• **What you are asked to do**: Only the lines from the "在已成功舉辦的各屆醫(yī)" line through the last line of the material below belong in the answer, reproduced exactly and with no pictures.

*** Opening Collected material ***

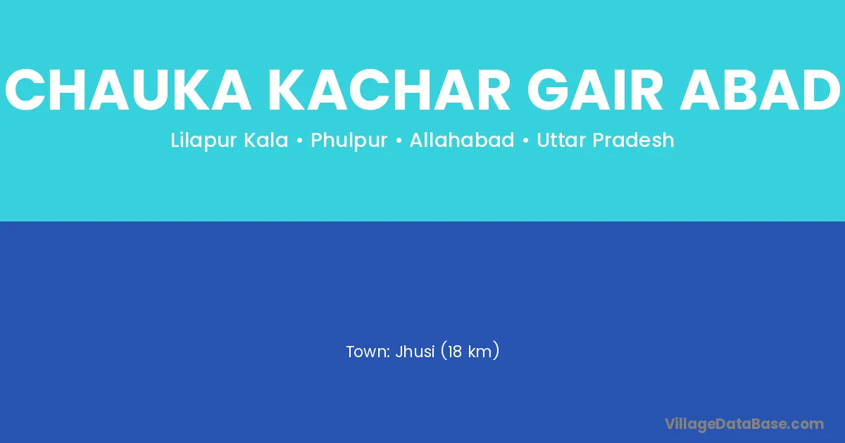 Jhusi (18 km) is the nearest town to Chauka Kachar Gair Abad village for major economic activities and is located approximately 18 km away.
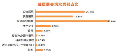 在已成功舉辦的各屆醫(yī)博會中,組委會通過積累豐富的行業(yè)客戶資源,以及與各級醫(yī)療行業(yè)學會、協會、商會、行業(yè)媒體、行業(yè)平臺等單位溝通合作, 專注于邀請參展商重點關注的專業(yè)買家到場參觀、交流、采購。近年以來,各屆醫(yī)博會到場觀眾人次均保持在1.5萬至2.5萬,包括各級公立醫(yī)院、民營醫(yī)院、經銷商、代理商、診所、醫(yī)療器械生產廠家等專業(yè)觀眾類別,其中,醫(yī)院和經銷單位的到場客戶比例占全部觀眾的80%以上。
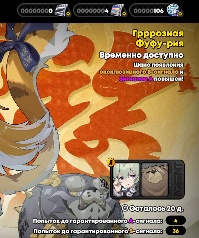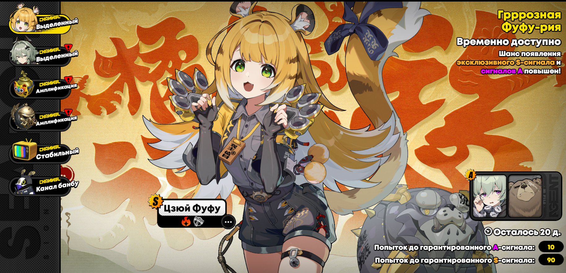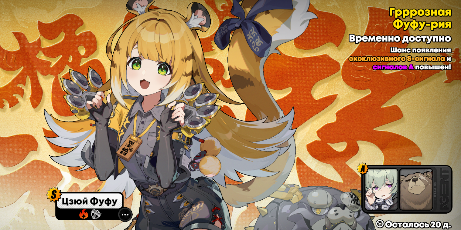 Выделенный канал «Грррозная Фуфу-рия» | С 25.06.2025 12:00 до 15.07.2025 14:59 (время сервера) повышена вероятность получить в поиске сигнала эксклюзивного агента ранга S Цзюй Фуфу (Устрашение, огонь)!

*** Closing Collected material ***

• **Result below**:
 在已成功舉辦的各屆醫(yī)博會中,組委會通過積累豐富的行業(yè)客戶資源,以及與各級醫(yī)療行業(yè)學會、協會、商會、行業(yè)媒體、行業(yè)平臺等單位溝通合作, 專注于邀請參展商重點關注的專業(yè)買家到場參觀、交流、采購。近年以來,各屆醫(yī)博會到場觀眾人次均保持在1.5萬至2.5萬,包括各級公立醫(yī)院、民營醫(yī)院、經銷商、代理商、診所、醫(yī)療器械生產廠家等專業(yè)觀眾類別,其中,醫(yī)院和經銷單位的到場客戶比例占全部觀眾的80%以上。
 Выделенный канал «Грррозная Фуфу-рия» | С 25.06.2025 12:00 до 15.07.2025 14:59 (время сервера) повышена вероятность получить в поиске сигнала эксклюзивного агента ранга S Цзюй Фуфу (Устрашение, огонь)!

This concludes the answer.